Task: Please write out the lines of the data exactly, beginning with the first and ending with the line containing "智能答疑评测聚焦大模型在基础"; leave the pictures behind.

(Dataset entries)
┄┄┄┄┄┄┄┄┄┄

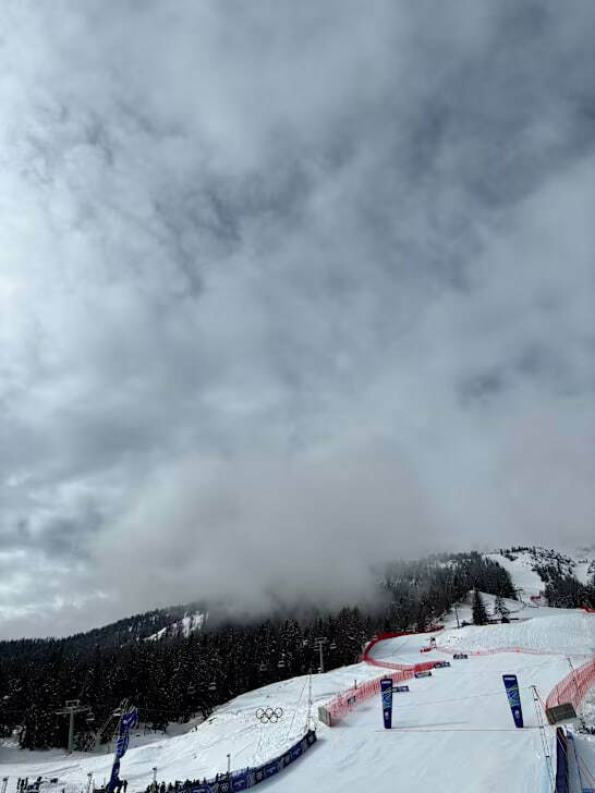 6 лютого пройшло перше офіційне тренування жінок з гірськолижного спорту на Олімпійських іграх 2026. Сесія, яка була запланована на 5 лютого, була скасована через погодні умови.
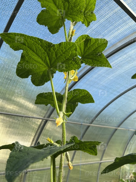Летом в теплице закрытого грунта цветет огурец
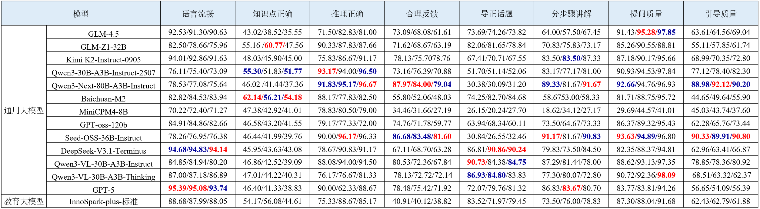 智能答疑评测聚焦大模型在基础教育教学场景中的实际应用能力,涵盖数学、物理、化学三大学科,围绕内容质量、互动反馈、启发引导三大方向构建包含8个核心能力维度的评测体系。评测结果如下表所示。
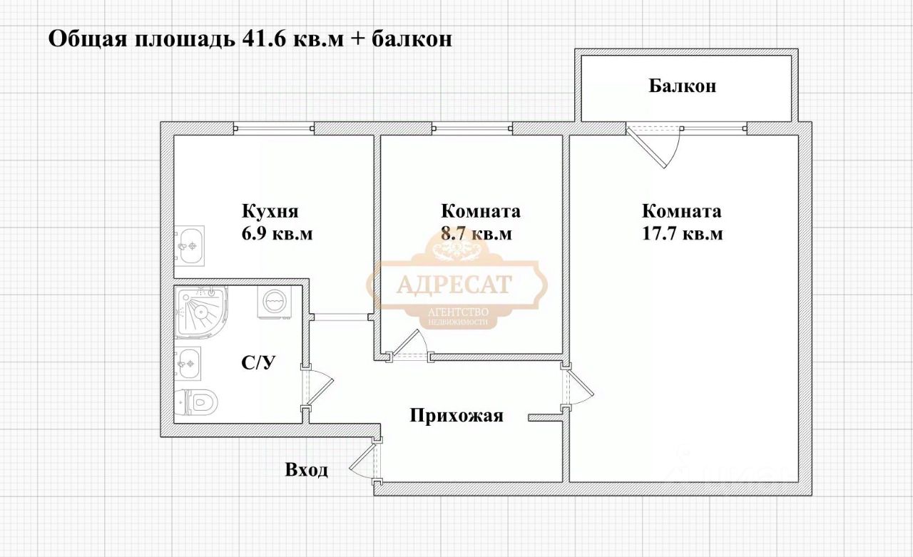 Квартира общей площадью по документам 41.6 кв.м + балкон. Выход на балкон из большой комнаты, он не застеклен. Жилые комнаты 17.7 кв.м и 8.6 кв.м. Кухня 6.9. кв.м. Прихожая 4.6 кв.
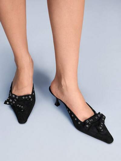 CUCCOO GRLICON Women's Pointed Toe Low Vamp Sexy Bow Knot Metal Rivet Chunky Heel Sandals
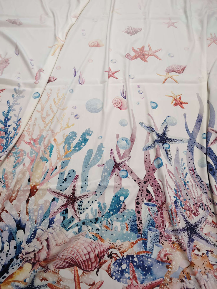 Основният цвят е натурално бял , завършващ с бордюр от рапани, морски звезди, корали .
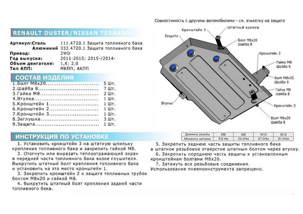 Защита топливного бака Rival для Nissan Terrano (V - 1.6; 2.0) FWD 2014-2016/Nissan Terrano (V - 1.6; 2.0) FWD 2016-н.в./Renault Duster (V - 1.6; 2.0) FWD 2011-2015/Renault Duster (V - 1.6; 2.0) FWD 2015-н.в./Renault Kaptur (V - 1.6) FWD 2016-н.в., алюминий 4 мм, с крепежом, 333.4720.1
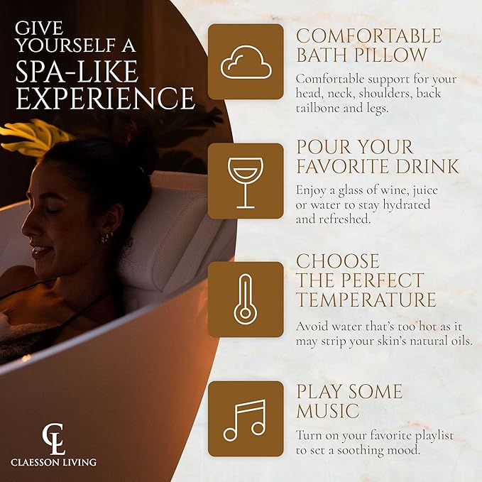 - SPA-LIKE COMFORT: Measuring 17'' x 49'' our bath pillow offers full-body relaxation. With super-soft filling and a thick headrest, it supports your neck, back, shoulders and tailbone. And since it's made with breathable fabric, it's gentle on skin.
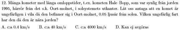 MaoFy provet - Komets hastighet - fråga 12 (2013)
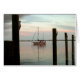 Säljbåten sitter bara i hamnen i skymningen på Roanoke Island.
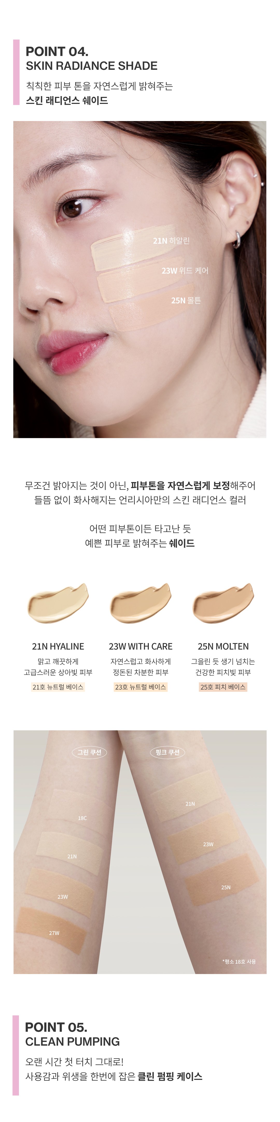 - 21N HYALINE: A light neutral shade, perfect for fair skin tones seeking a bright, clear complexion.
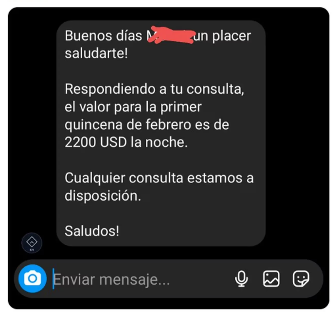 “Buenos días, M. Un placer saludarte”, fue el comienzo de la respuesta que recibió un usuario de Twitter luego de consultar por el alquiler de una casa en Bariloche para la primera quincena de febrero de 2024.
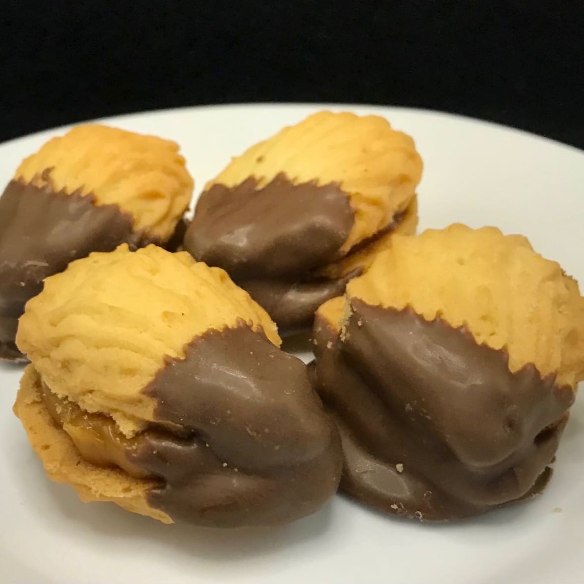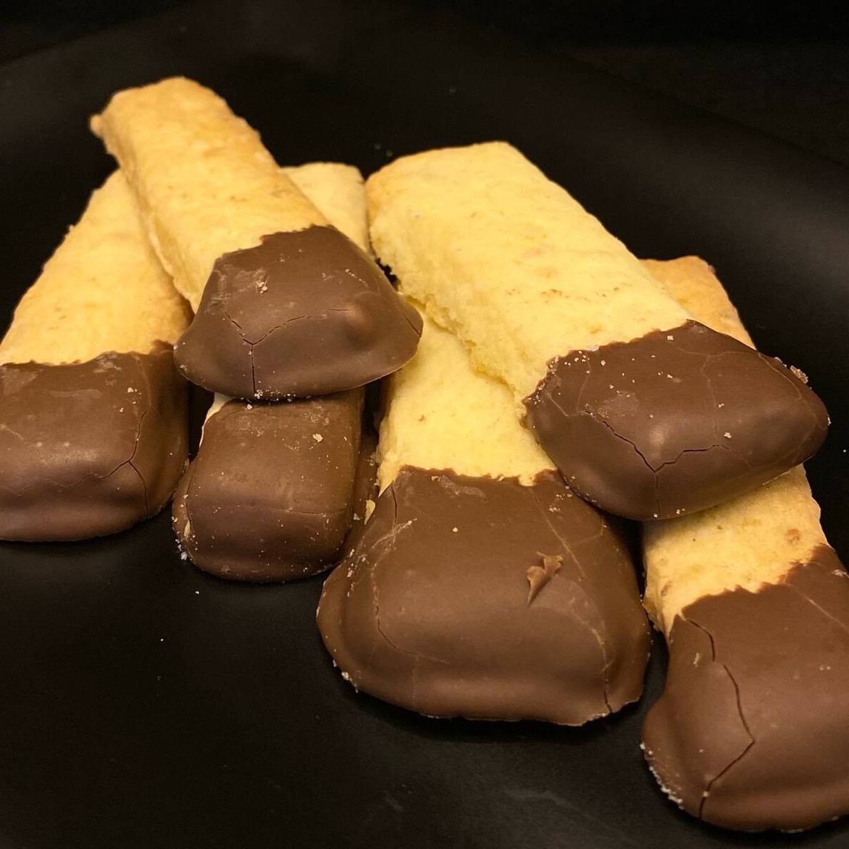 4 unidades de bolacha recheada com doce de leite com a ponta mergulhada no chocolate. Também conhecida como patinhas de gato.

┄┄┄┄┄┄┄┄┄┄

Response to the exercise:
 6 лютого пройшло перше офіційне тренування жінок з гірськолижного спорту на Олімпійських іграх 2026. Сесія, яка була запланована на 5 лютого, була скасована через погодні умови.
Летом в теплице закрытого грунта цветет огурец
 智能答疑评测聚焦大模型在基础教育教学场景中的实际应用能力,涵盖数学、物理、化学三大学科,围绕内容质量、互动反馈、启发引导三大方向构建包含8个核心能力维度的评测体系。评测结果如下表所示。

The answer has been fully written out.